WHAT IS NEEDED: Each line below needs to be returned exactly. Skip any picture.

(Data entries)
****************
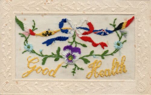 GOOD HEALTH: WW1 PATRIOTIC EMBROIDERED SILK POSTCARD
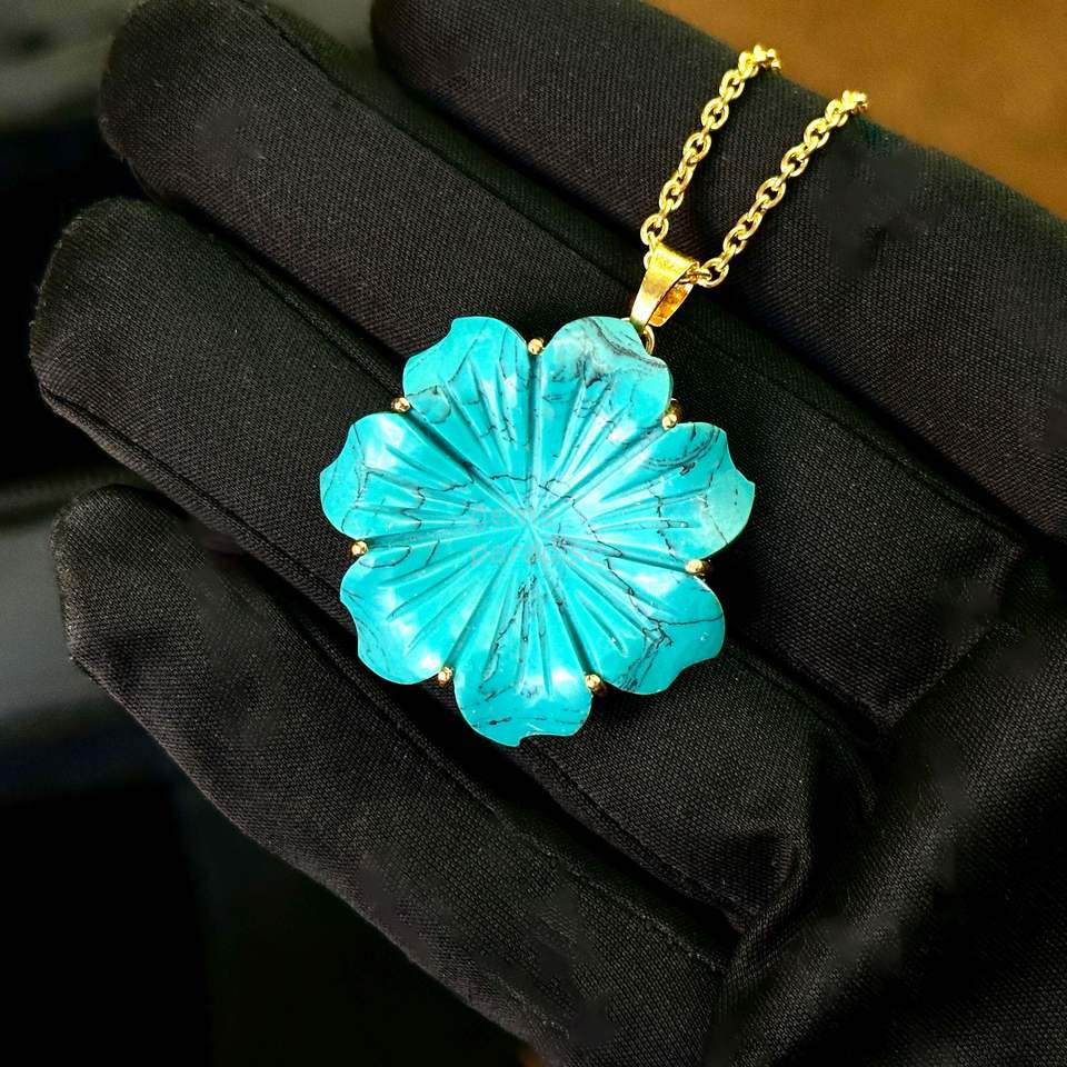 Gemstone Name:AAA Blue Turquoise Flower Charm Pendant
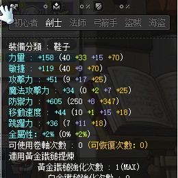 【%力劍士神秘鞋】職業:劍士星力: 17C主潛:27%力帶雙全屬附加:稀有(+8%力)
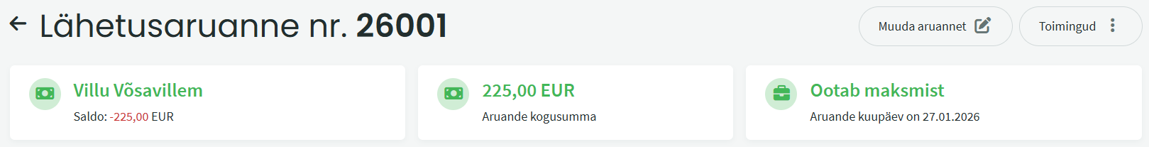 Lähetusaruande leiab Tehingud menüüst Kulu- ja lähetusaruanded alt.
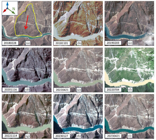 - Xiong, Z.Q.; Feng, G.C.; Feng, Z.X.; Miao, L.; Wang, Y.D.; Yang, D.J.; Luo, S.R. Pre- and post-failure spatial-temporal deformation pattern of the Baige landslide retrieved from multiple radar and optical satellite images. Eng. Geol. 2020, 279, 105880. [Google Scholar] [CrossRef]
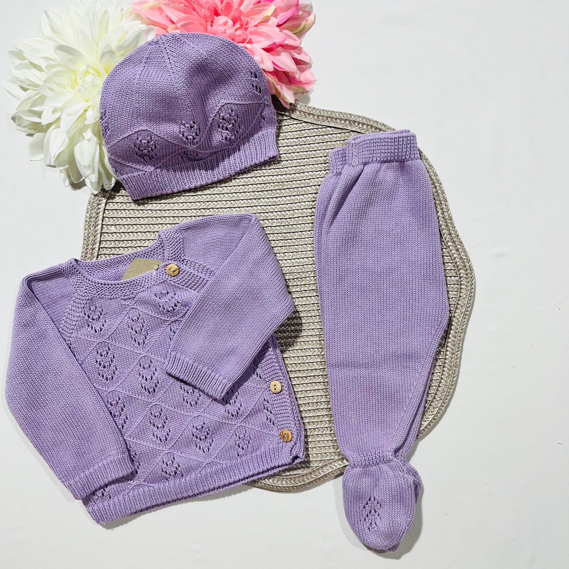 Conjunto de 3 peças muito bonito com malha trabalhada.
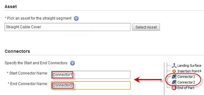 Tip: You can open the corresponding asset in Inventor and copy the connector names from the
****************
RESPONSE TO THE EXERCISE:
 GOOD HEALTH: WW1 PATRIOTIC EMBROIDERED SILK POSTCARD
 Gemstone Name:AAA Blue Turquoise Flower Charm Pendant
 【%力劍士神秘鞋】職業:劍士星力: 17C主潛:27%力帶雙全屬附加:稀有(+8%力)
 Lähetusaruande leiab Tehingud menüüst Kulu- ja lähetusaruanded alt.
 - Xiong, Z.Q.; Feng, G.C.; Feng, Z.X.; Miao, L.; Wang, Y.D.; Yang, D.J.; Luo, S.R. Pre- and post-failure spatial-temporal deformation pattern of the Baige landslide retrieved from multiple radar and optical satellite images. Eng. Geol. 2020, 279, 105880. [Google Scholar] [CrossRef]
 Conjunto de 3 peças muito bonito com malha trabalhada.
 Tip: You can open the corresponding asset in Inventor and copy the connector names from the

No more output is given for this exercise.